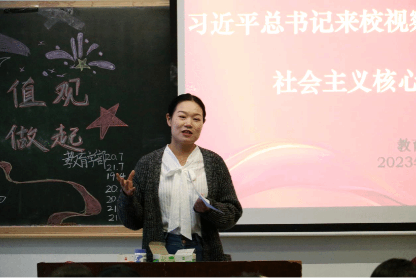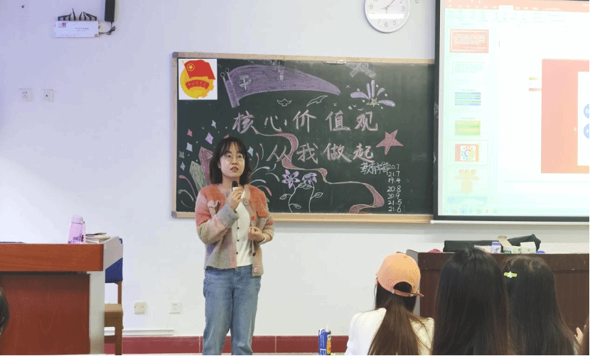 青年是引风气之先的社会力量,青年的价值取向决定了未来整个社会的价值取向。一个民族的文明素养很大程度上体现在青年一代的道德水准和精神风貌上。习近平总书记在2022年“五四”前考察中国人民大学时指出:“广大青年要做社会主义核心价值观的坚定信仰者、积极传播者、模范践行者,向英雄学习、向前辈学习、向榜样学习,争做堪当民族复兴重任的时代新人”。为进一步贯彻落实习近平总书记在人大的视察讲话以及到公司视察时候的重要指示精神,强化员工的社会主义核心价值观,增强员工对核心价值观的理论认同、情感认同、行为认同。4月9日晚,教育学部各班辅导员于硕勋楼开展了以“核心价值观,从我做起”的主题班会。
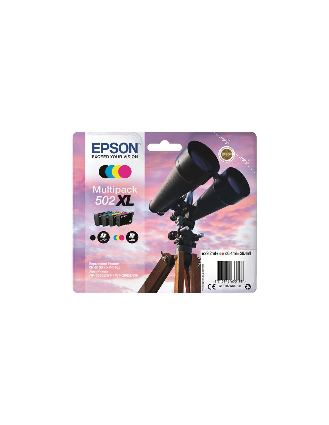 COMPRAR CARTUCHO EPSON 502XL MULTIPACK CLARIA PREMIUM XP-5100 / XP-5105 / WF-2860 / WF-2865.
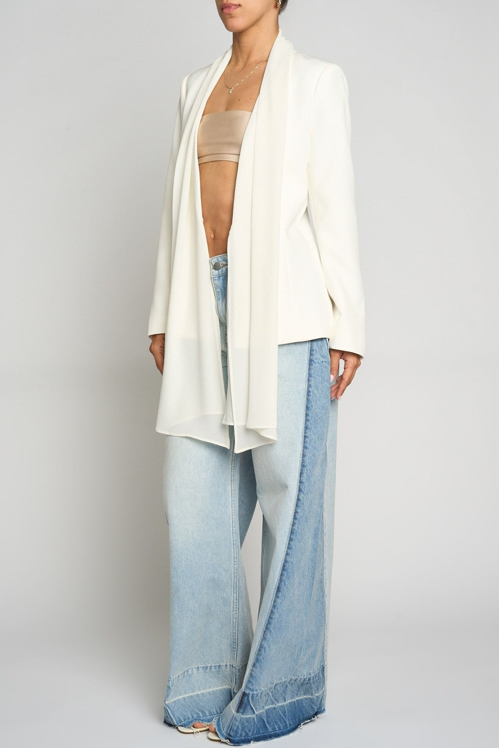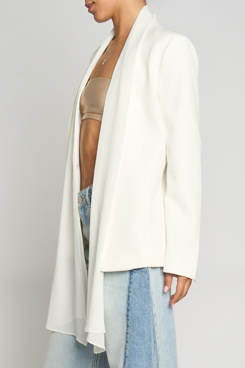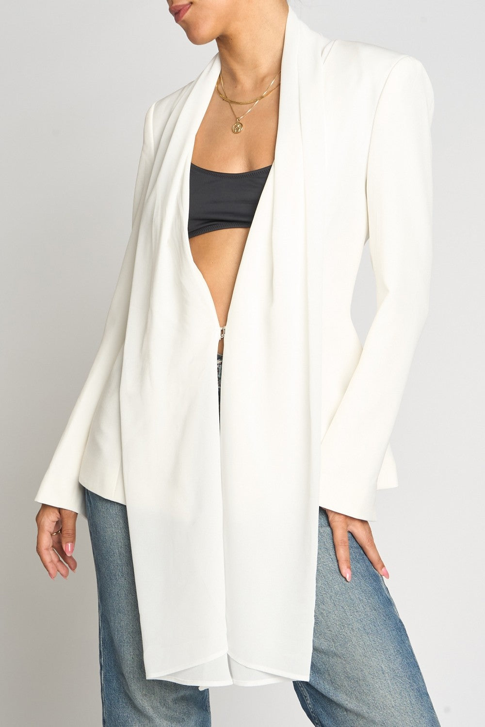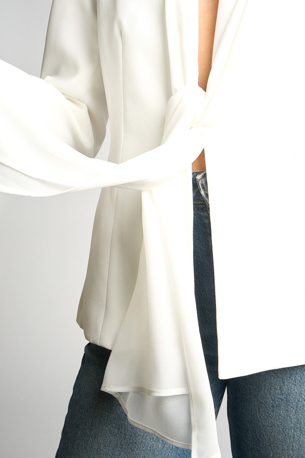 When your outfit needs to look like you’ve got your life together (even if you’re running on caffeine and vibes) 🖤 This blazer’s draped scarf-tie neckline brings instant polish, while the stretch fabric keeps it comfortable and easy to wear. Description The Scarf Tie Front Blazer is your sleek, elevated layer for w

==

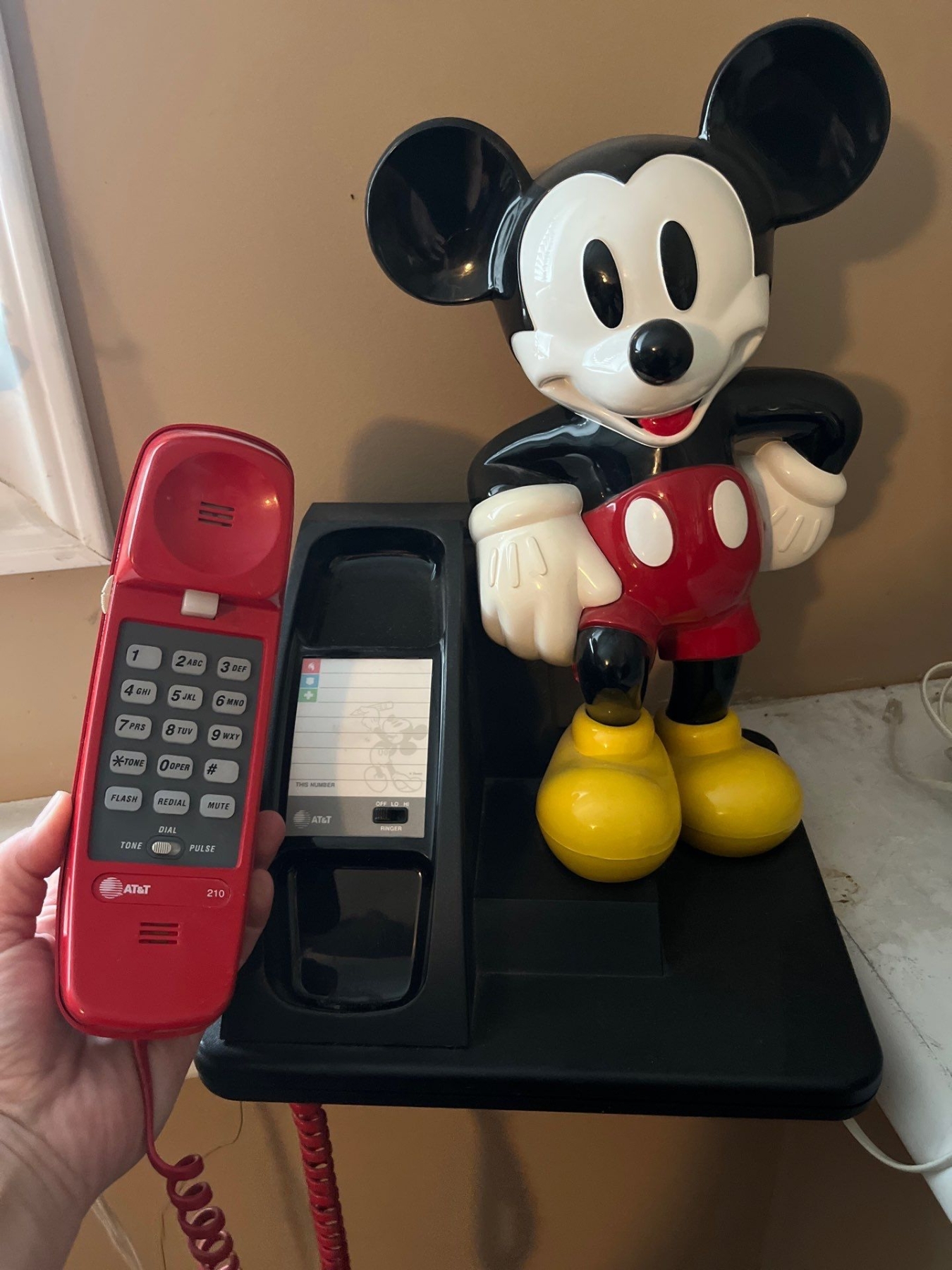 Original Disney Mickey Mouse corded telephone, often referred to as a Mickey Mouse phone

▸ **What you will do**
Using the entries above, transcribe exactly from the line that has "青年是引风气之先的社会力量,青年的价值取" through the line that has "COMPRAR CARTUCHO EPSON". Pictures are dropped.

▸ **Solution to this problem**
 青年是引风气之先的社会力量,青年的价值取向决定了未来整个社会的价值取向。一个民族的文明素养很大程度上体现在青年一代的道德水准和精神风貌上。习近平总书记在2022年“五四”前考察中国人民大学时指出:“广大青年要做社会主义核心价值观的坚定信仰者、积极传播者、模范践行者,向英雄学习、向前辈学习、向榜样学习,争做堪当民族复兴重任的时代新人”。为进一步贯彻落实习近平总书记在人大的视察讲话以及到公司视察时候的重要指示精神,强化员工的社会主义核心价值观,增强员工对核心价值观的理论认同、情感认同、行为认同。4月9日晚,教育学部各班辅导员于硕勋楼开展了以“核心价值观,从我做起”的主题班会。
 COMPRAR CARTUCHO EPSON 502XL MULTIPACK CLARIA PREMIUM XP-5100 / XP-5105 / WF-2860 / WF-2865.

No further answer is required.